Any thoughts on when/if the Mx. government will ever get control back from the narcos? How long can this growing violence continue? At least from here (NOB) it sounds like the narcos are in control and the govn't is playing catch-up and bandaids. I would think that if the govn't was serious they would take serious (extreme) measures. It sounds worse than the crime we have here but maybe that's the media. I live near and work in Chicago. I know there is crime but I (knock on wood) have been able to avoid it by knowing where/when to avoid.
Rich


----------



## circle110 (Jul 20, 2009)

YaVengo said:


> I live near and work in Chicago. I know there is crime but I (knock on wood) have been able to avoid it by knowing where/when to avoid.
> Rich


First of all, the media exaggerates this quite a bit. I don't spend any time in fear of violence here in Guanajuato. When I travel in Mexico, I do the same here as you in Chicago (where I lived until a year and a half ago) and avoid the known trouble spots and keep my wits about me. When I return to the US, I can't believe the BS that is being feed to the unsuspecting public there via the media. However, there IS indeed violence in many parts of Mexico -- it is not a complete fabrication by any stretch.

(Political comments snipped)

(Snipped) I think things will reach a tipping point at some time in the coming years because the problem is slowly coming home to roost in the US -- it emanates from there in the first place. 

As Americans, we need to look in the mirror on this one.

RVGRINGO, if I got too close to politics on this one, delete it if necessary but it felt good to write in any case. (It did; I did)


----------



## f3drivr (Nov 18, 2008)

In Mazatlan the shootings are happening almost daily. The police are driving around heavily armed in convoys of about 6 trucks which creates the illusion that there is good security but they never seem to be around when the shootings happen and always arrive after the assailants have left the area. Most people I have spoken to believe that the government will never get control but they do believe that the violence will stop after Calderon's term is up in 2012 and a new president is elected (Dangerous political comment removed. The poster is cautioned).


----------



## tepetapan (Sep 30, 2010)

If you take North Ave. east about 20 or 30 minutes from Wheaton the gang bangers have as much control there as the cartels do of Mexico.

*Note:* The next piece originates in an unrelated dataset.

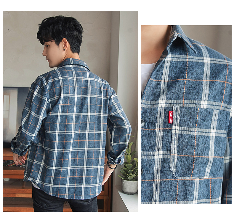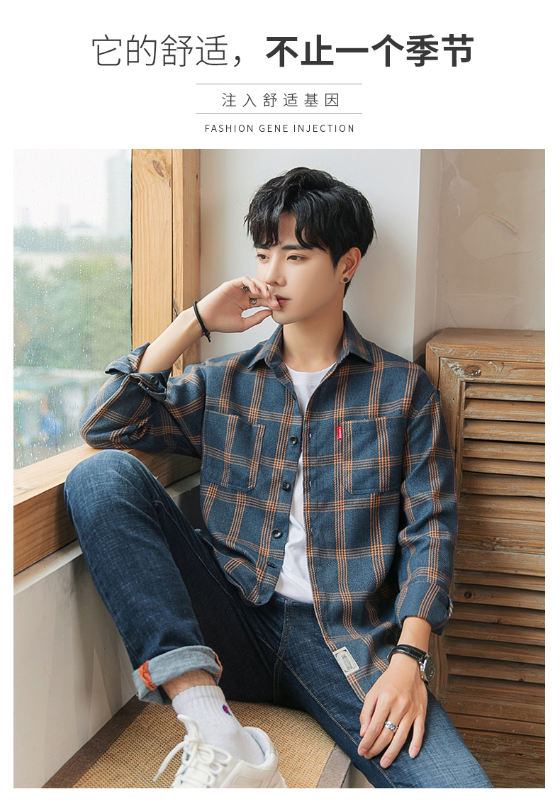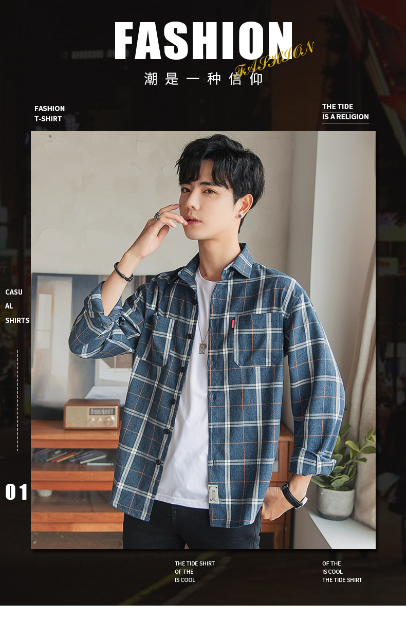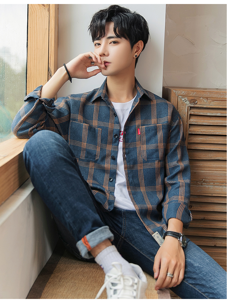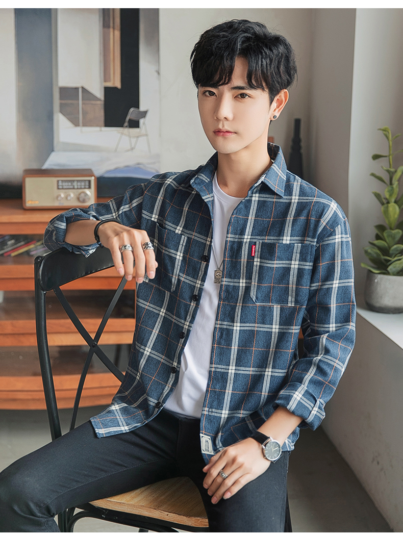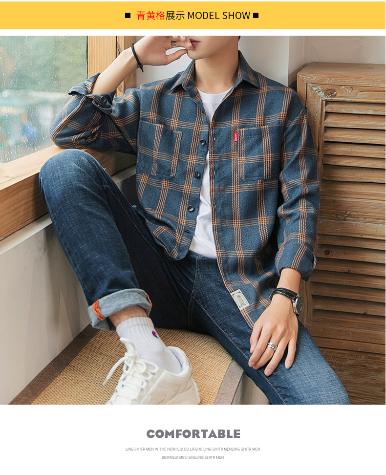 격자 무늬 셔츠 긴팔 남성 자켓 한국 유행 캐주얼 홍콩 스타일 일본식 셔츠 봄 옷 남자의 봄과 가을 스타일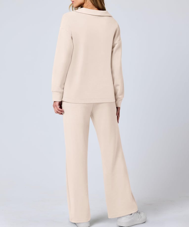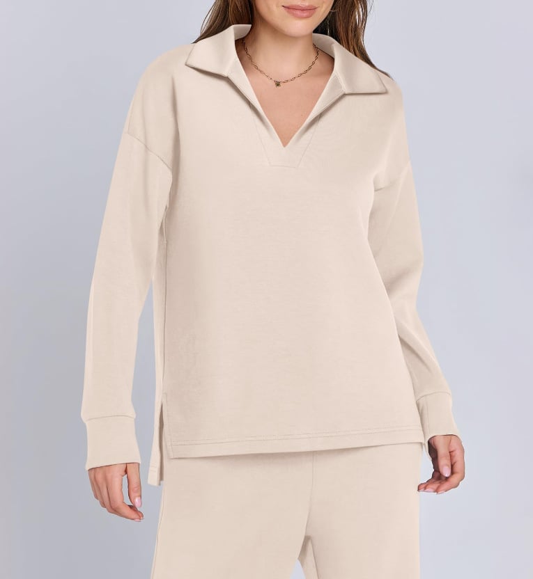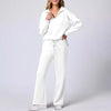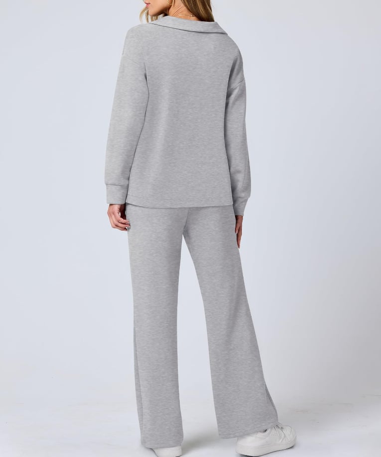 Die Sweat-Sets sind mit einem sportlichen Kragen, V-Ausschnitt und asymmetrischem Saum ausgestattet, hohe Taille mit Kordelzug, um eine individuelle Passform zu gewĂ€hrleisten, und einem lockeren Schnitt, der weite Beine zeigt. Der hohe und niedrige Saum bietet zusĂ€tzlichen Schutz hinten und Mittlere Dehnung fĂŒr einfache Bewegung.

I worked in Wheaton and all the Chicago area, you may be able to walk the streets at night there ( in Wheaton) but I doubt you do. Mexico is nothing like the (Midwest & US) media shows on TV. In fact, stating the Mexican government does not have control is quite an insult to the Mexican people. When the world¨s largest consumer of illegal drugs demand more, someone is ready and willing to supply them. As it is, the US government has no control over the drug additcs in their country. They have done little to stop the demand for tons of cocaine every month. I guess at this point you have to wonder if they really want to stop the flow. It is a business there as it is here. 
In Vancouver BC I am told by people (Snipped) who are in my RV park at this moment, that gang killings are everyday occurances, sometimes mass killings of 5 or 6 people at one time. What makes those killings so much different than ones in Mexico? Why does not the US media start pointing the finger at them? Exporting home grown pot from Canada and field grown pot from Mexico seems pretty much the same thing, except the pot from Canada is much stronger and in higher demand ( and cost). The meth labs in canada, exporting to the USA is another matter.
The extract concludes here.